We have discussed before what a margin account is. In a margin purchase, the portion of the value of an investment that is not borrowed is called the margin. The portion that is borrowed incurs an interest that is based on the broker’s call money rate, which is the rate brokers pay to borrow bank funds for lending to customer margin accounts. Here are a few case scenarios of margin accounts calculations:
Example 1: The Account Balance Sheet
You want to buy 1000 TechnologySage shares at $24 per share. You put up $18,000 and borrow the rest.
Solution
Amount borrowed = $24,000 – $18,000 = $6,000
Margin = $18,000 / $24,000 = 75%
ASSETS LIABILITIES AND ACCOUNT EQUITY
1000 WM shares $24,000 Margin loan $ 6,000
Account equity 18,000
Total $24,000 Total $24,000
In a margin purchase, the minimum margin that must be supplied is called the initial margin. The maintenance margin is the minimum margin that must be present at all times in a margin account. When the margin drops below the maintenance margin, the broker may demand for more funds. This is known as a margin call.

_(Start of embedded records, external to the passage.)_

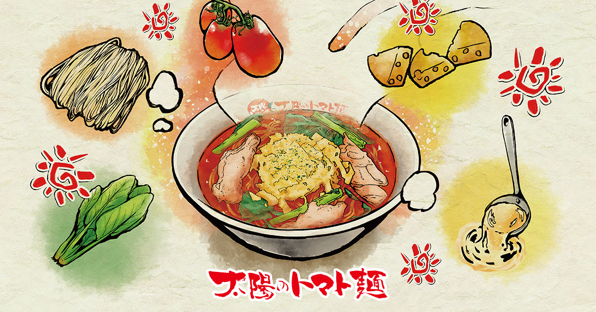 太陽のトマト麺、公式サイトです。今までにないイタリアンとラーメンの融合。単に目新しいだけでなく、その美味しさと斬新な発想で注目度抜群です。圧倒的な差別化を図った新ジャンルのトマトラーメンです!
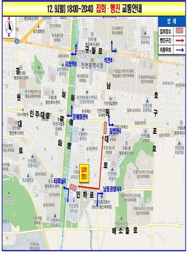 (인천=연합뉴스) 손현규 기자 = 인천경찰청은 오는 9일 저녁 시간에 남동구 일대에서 진행될 집회와 행진으로 교통혼잡이 예상된다고 6일 밝혔다.
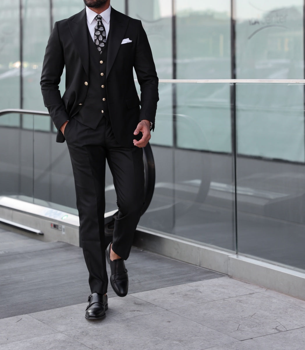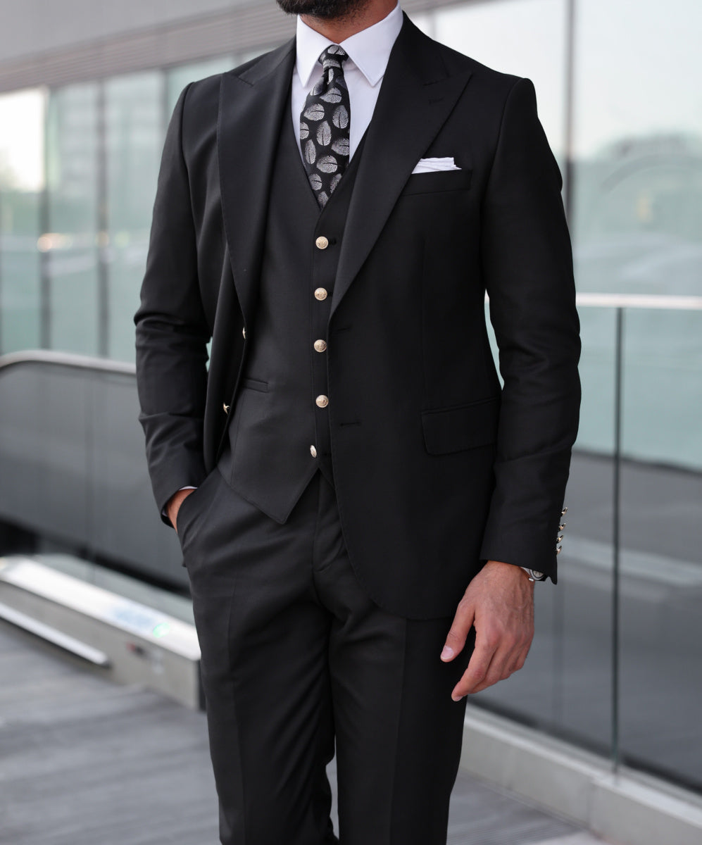 SLIM FIT BLACK THREE PIECE MEN’S SUIT WITH PEAK LAPELS WITH decorative gold buttons.

Read also: Choosing A Broker And The Broker Customer Relationships
Example: Margin Requirements
Your account requires an initial margin of 50% and a maintenance margin of 30%. Stock A is selling at $50 per share. You have $20,000, and you want to buy as much of stock A as you possibly can.
Solution:
You may buy up to $20,000 / 0.5 = $40,000 worth of shares.
ASSETS LIABILITIES AND ACCOUNT EQUITY
800 A shares $40,000 Margin loan $20,000
Account equity 20,000
Total $40,000 Total $40,000
Example: Margin Requirements
After your purchase, the share price of stock A falls to $35 per share.
ASSETS LIABILITIES AND ACCOUNT EQUITY
800 A shares $28,000 Margin loan $20,000
Account equity 8,000
Total $28,000 Total $28,000
New margin = $8,000 / $28,000 = 28.6% which is less than maintenance margin of 30% Therefore, you are subject to a margin call.
In conclusion, Margin is a form of financial leverage. It is important to bear in mind that when you borrow money to make an investment, the impact is to magnify both your gains and your losses. You should therefore deal with margin accounts with caution.